WORK TO BE COMPLETED: The line containing "今日は、豚肉を照り焼きにしま" marks the start of the required copy, which runs to the final line of the entries; return those lines exactly, without any pictures.

Stored records:
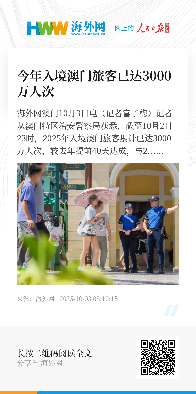 海外网澳门10月3日电(记者富子梅)记者从澳门特区治安警察局获悉,截至10月2日23时,2025年入境澳门旅客累计已达3000万人次,较去年提前40天达成,与2019年同期相若。其中,内地旅客占72.8%,香港、台湾地区和外籍旅客分别占18.4%、2.4%和6.4%。
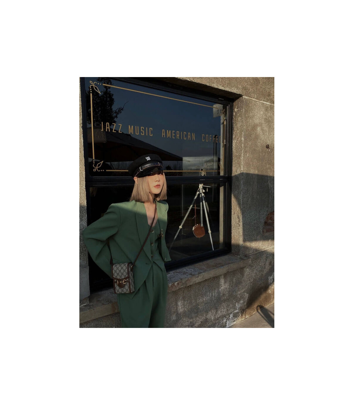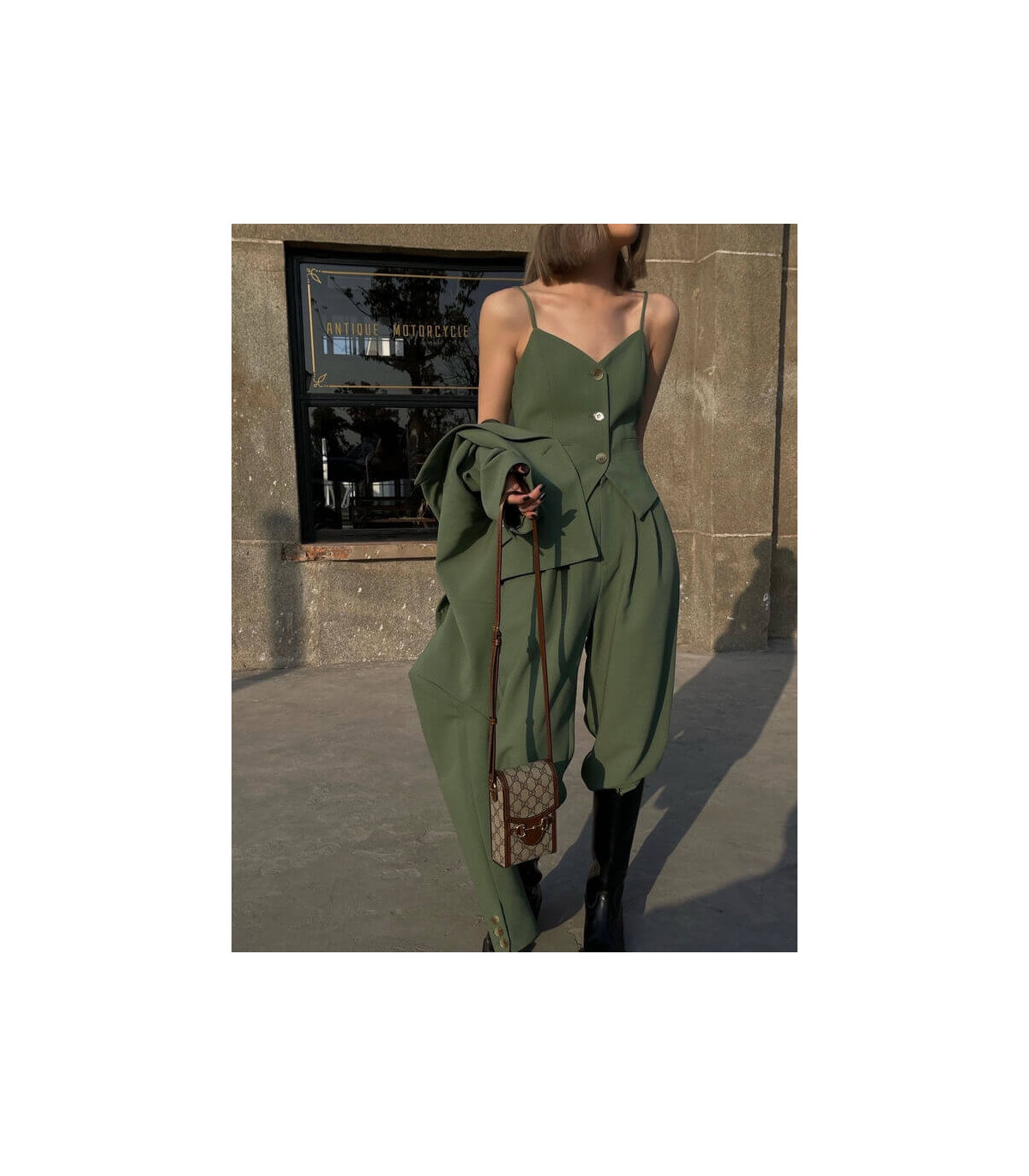 – Gold-toned hardware
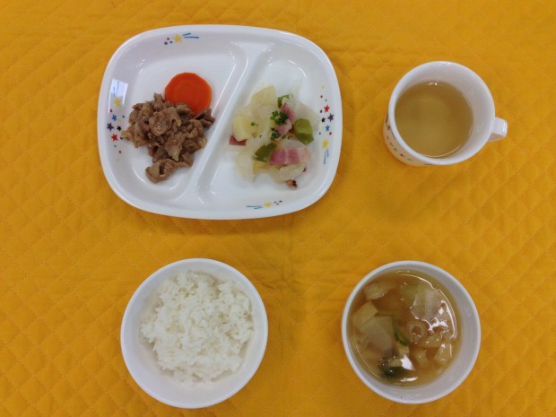 今日は、豚肉を照り焼きにしました。甘辛いタレに生姜をきかせてくさみを抜き、食べやすく作りました。また副菜にはm、じゃが芋を使ってあっさりと塩味に仕上げました。 |
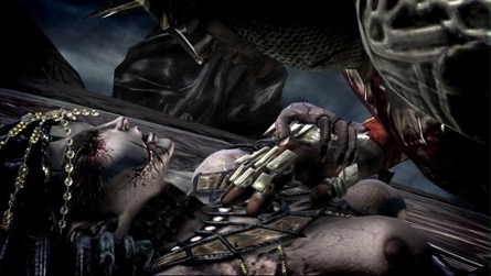 Screenshot of cutscene where Dante kills the Kleopatra boss in Dante’s Inferno (Screenshot from Infernopedia: https://static.wikia.nocookie.net/dantesinferno/images/a/a0/Cleopatra_and_Dante.jpg/revision/latest?cb=20111029033720)
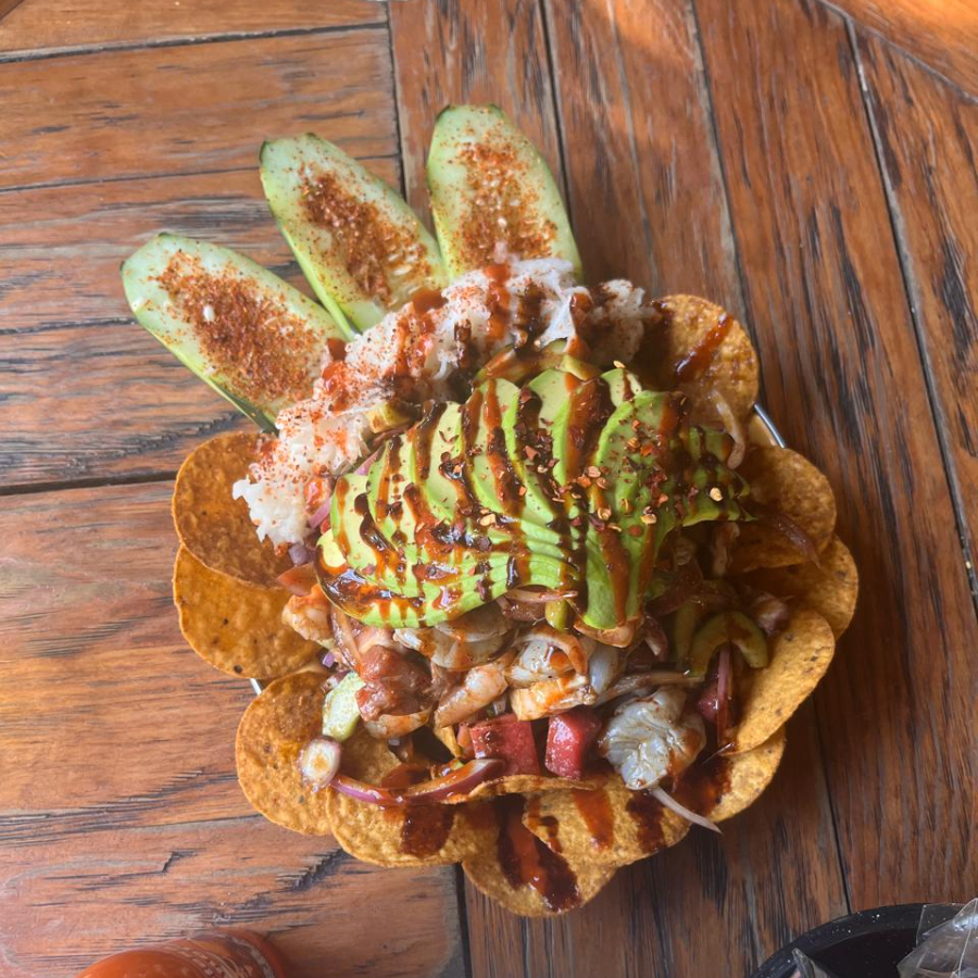 Camarón cocido y de aguachile, atún y pulpo en cama de tostitos, 300 g.
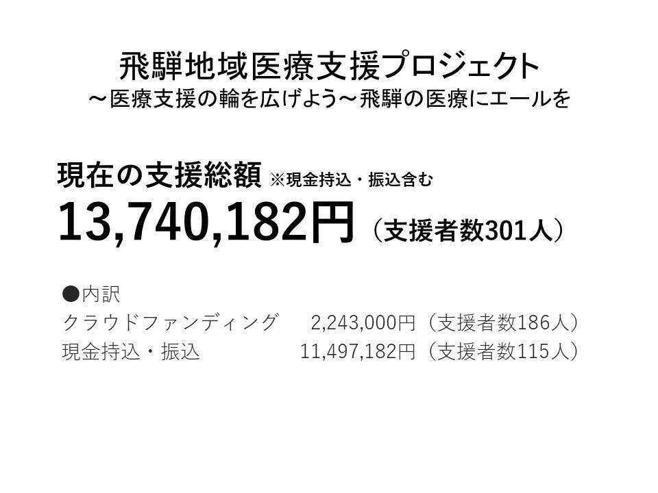 飛騨地域医療支援プロジェクトを応援いただきありがとうございます!
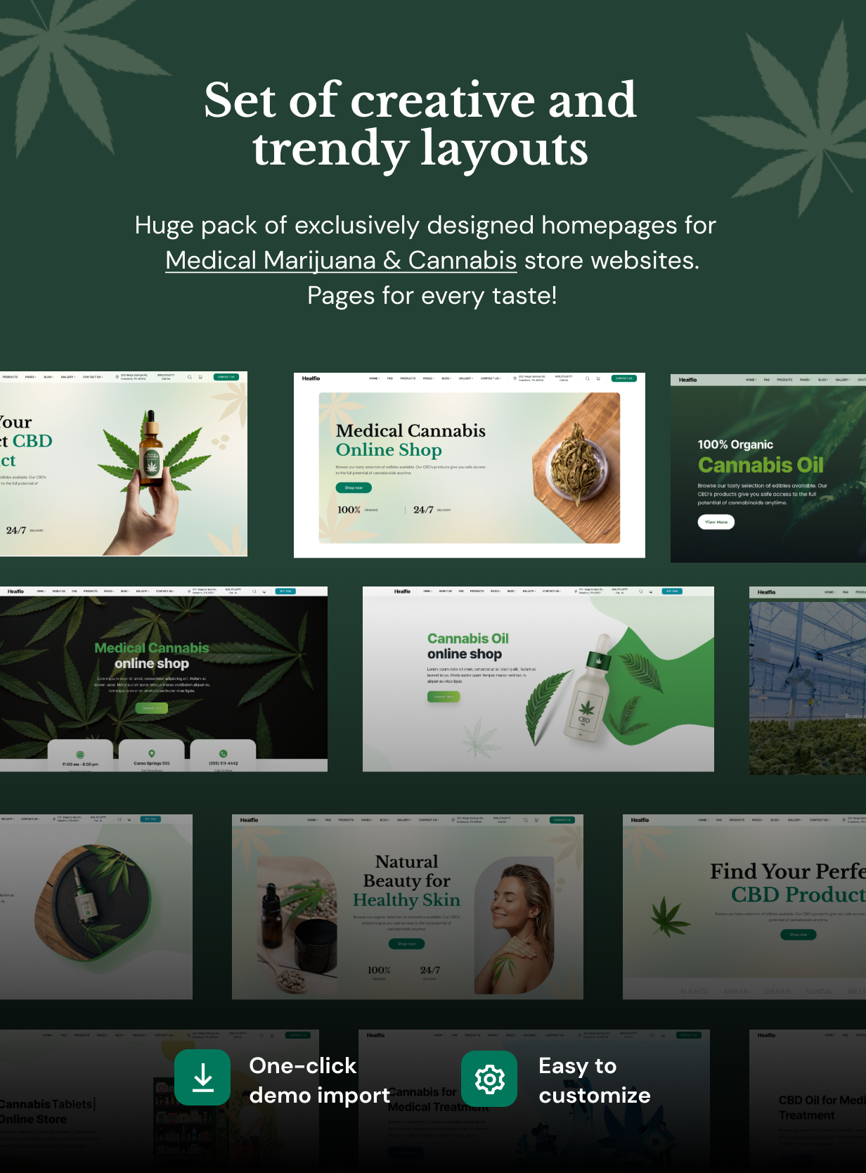 Healfio is a modern Medical Marijuana & Cannabis WordPress Theme created for recreational medicine, marijuana shop, CBD Oil and marijuana dispensary, coffeshop, medical cannabis store, hemp oil, indica, sativa, hybrid, THC, cannabis blogging and more.
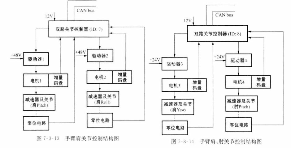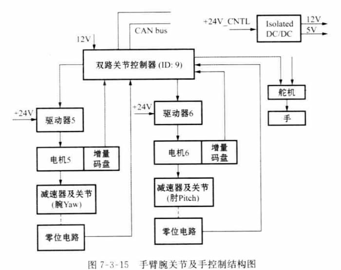 手臂各關(guān)節(jié)控制電路采用分布式控制系統(tǒng),各關(guān)節(jié)控制器(主 MCU 是 TMS320LF2407)由CAN 總線(xiàn)相連(CAN2.0-A 版本)?刂浦芷跒5m (即上位機(jī) 與 所 有 關(guān) 節(jié) 控 制 器 通 信 一 遍 , 再 加 一 定 裕 度 后 的 時(shí) 間 ) 。 各 關(guān) 節(jié) 控 制 電 路 結(jié) 構(gòu) 如 圖7 - 3 - 13、圖7 - 3 - 14及圖7 - 3 - 15所示。

FINAL ANSWER:
 今日は、豚肉を照り焼きにしました。甘辛いタレに生姜をきかせてくさみを抜き、食べやすく作りました。また副菜にはm、じゃが芋を使ってあっさりと塩味に仕上げました。 |
 Screenshot of cutscene where Dante kills the Kleopatra boss in Dante’s Inferno (Screenshot from Infernopedia: https://static.wikia.nocookie.net/dantesinferno/images/a/a0/Cleopatra_and_Dante.jpg/revision/latest?cb=20111029033720)
 Camarón cocido y de aguachile, atún y pulpo en cama de tostitos, 300 g.
 飛騨地域医療支援プロジェクトを応援いただきありがとうございます!
 Healfio is a modern Medical Marijuana & Cannabis WordPress Theme created for recreational medicine, marijuana shop, CBD Oil and marijuana dispensary, coffeshop, medical cannabis store, hemp oil, indica, sativa, hybrid, THC, cannabis blogging and more.
 手臂各關(guān)節(jié)控制電路采用分布式控制系統(tǒng),各關(guān)節(jié)控制器(主 MCU 是 TMS320LF2407)由CAN 總線(xiàn)相連(CAN2.0-A 版本)?刂浦芷跒5m (即上位機(jī) 與 所 有 關(guān) 節(jié) 控 制 器 通 信 一 遍 , 再 加 一 定 裕 度 后 的 時(shí) 間 ) 。 各 關(guān) 節(jié) 控 制 電 路 結(jié) 構(gòu) 如 圖7 - 3 - 13、圖7 - 3 - 14及圖7 - 3 - 15所示。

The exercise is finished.